Posted - 08 Dec 2015 :  00:33:58  Show Profile Send sankalanka a Private Message  Reply with Quote
The Yellow Taxi Cab arrived at the Grand Central Terminal in Midtown Manhattan almost 3.30 a.m in the morning. By this time the terminal had already closed. He desperately walked the deserted and lonely streets in the vicinity of the terminal looking for a place that was opened for 24 hours.

The wind howled like a raging storm and the biting cold sent shivers down every sinew and bones in his body. The dripping tears from his watery eyes wiped with the cold breeze that caressed his puffy face. His aching heart cried in silent torment. He puzzled as to why all these things were happening to him. It seemed as if everyone had abandoned him. He was left to the mercy of the cruel inclement weather.

He deeply agonized and contorted his face with all the pain and hurt as he cuddled his five year old daughter firmly against his chest. His winter coat warmly wrapped around her tender and slim body. She frighteningly looked at his moist face and sad eyes and softly moaned to herself. He whispered almost inaudibly in her ears: "Please forgive me. I am so sorry."

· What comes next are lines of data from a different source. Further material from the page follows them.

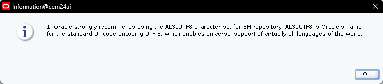 [oracle@oem24ai oem_sw]$ ./em24100_linux64.bin -J-Djava.io.tmpdir=/u03/tmp EMPREREQ_KIT=true -componentVariables repository:EXECUTE_CHECKS_NOSEED_DB_FOUND:false
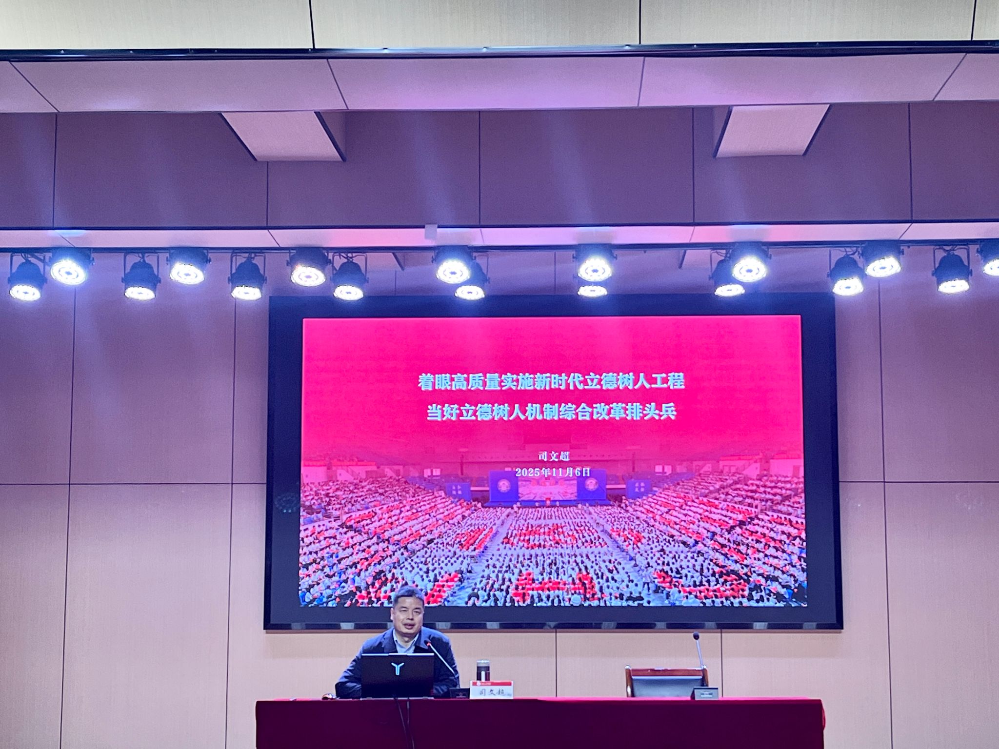 教育部高校思想政治工作创新发展中心(武汉大学)副主任、武汉大学党委宣传部副部长司文超老师以《着眼高质量实施新时代立德树人工程 当好立德树人机制综合改革排头兵》为题作专题分享。他强调,要深入学习贯彻习近平总书记关于立德树人的重要论述,学深悟透新思想新观点新论断,立足新时代方位、把握新阶段特征、强化新举措力度,树立系统观念、归零心态、集成思维,发扬敢为人先的精神,不断增强思政引领力,落实好新时代立德树人工程及立德树人机制综合改革的各项任务。
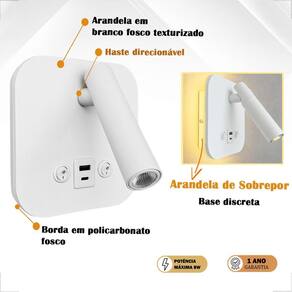 - Arandela sobrepor LED Branca com USB e USB-C - Design Moderno e Funcionalidade na Medida Certa

Njogu found a lone restaurant that was opened at 42nd Street between Lexington and Park Avenues. He breathed a sigh of relief when he saw the "OPEN" neon sign glittering in the dark at a distance. He could hear his heavy breathing as the weight of the child cuddled in his chest slowed down his pace on the cold concrete pavement. He stopped
momentarily to adjust the child and wrapped her more warmly around the winter coat. He hurriedly walked into the restaurant with his nose dripping with solid drops of water.

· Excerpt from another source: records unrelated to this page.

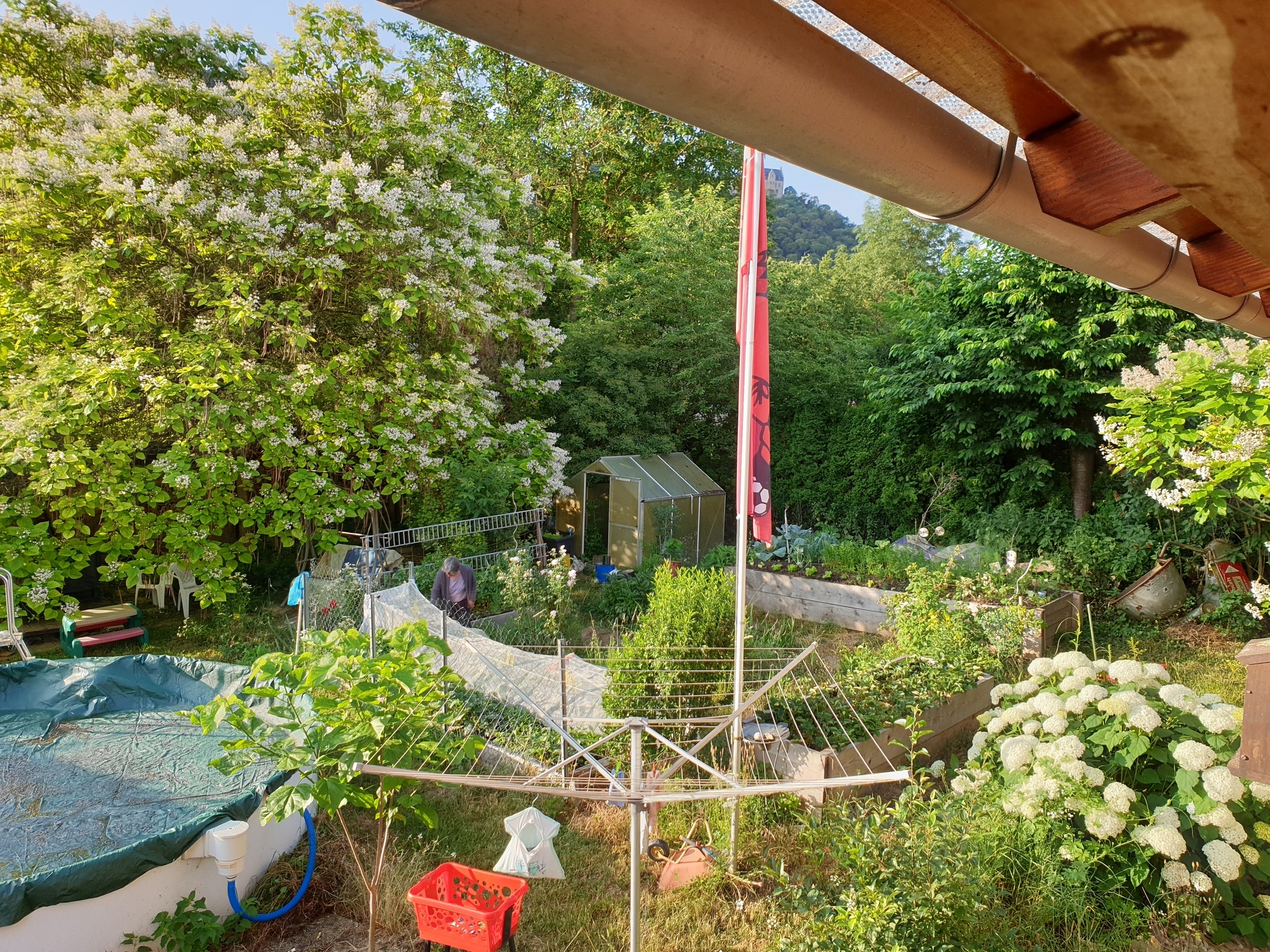 Ein Garten mit vielen Bäumen, Sträuchern mit unendlich vielen Blüten. In Hochbeeten finden wir viele Gemüsepflanzen sowie Kräuter aus biologischem Anbau. Ohne umweltkritischem Transport vom Beet in den Topf, die Pfanne oder in das Einweckglas. Der Pool wird seit 2 Jahren wegen der Trinkwasser-Situation nicht in Betrieb genommen.
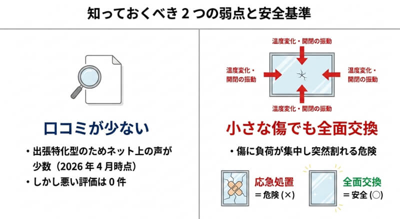 | 提案の幅 | 防犯・断熱など最新ガラスも対応 | 修理のみで提案がない場合も |
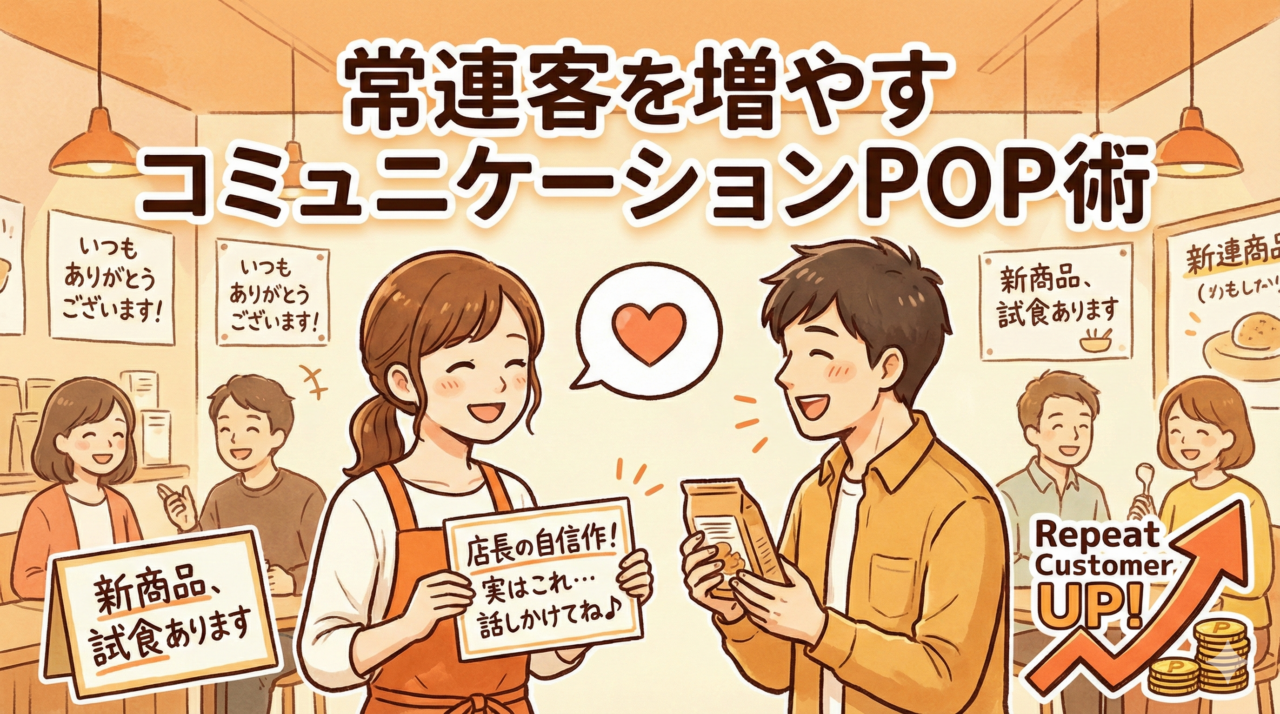 なぜ「美味しかった」だけでは再来店につながらないのか。3種類のリピーターの違い、サイコロステーキが180食に激増した仕掛けの全貌など、コミュニケーションPOPの考え方を基礎から解説します。

The restaurant was empty except for the two employees who were animatedly chatting behind a counter by the entrance. They looked at him strangely seeing that he only had a winter coat wrapped around the child. It was bitterly cold outside. He appeared to be shivering and they directed him to a table that was close to the heating system below a windowsill.

He asked the child to stand as he put her down by the table and straightened her dress. By this time her eyes were wide awake. Throughout her ordeal she did not utter a word except for her
silent groans.

Njogu sat down on the empty chair and placed her on his lap. He asked her what she wanted to eat. She pointed to the salad sandwich enclosed in a long glass container directly adjacent to the entrance door. There was a coffee stand at the end of the long glass container.

Njogu asked her to sit on the chair next to him while he got up. He went to get the sandwich and also made coffee for both of them. A little later he returned to the table and coaxed her to eat all the sandwich.

The only thing she seemed to be saying was to ask for the other little girl that she always played with back in Banjul.

"Where is Njanja girl?" she asked in her strong Senegalese Wollof accent.

Baby K was born in the US but her mother took her to the Gambia when she was only two years old. She was a smart little girl who knew all the songs of Barney and Friends, an American Children's television series aimed at kids between one year to eight yeas old. The main character of the show was Barney, a purple tyrannosaurus rex who was portrayed in the show as having the imagination of a child.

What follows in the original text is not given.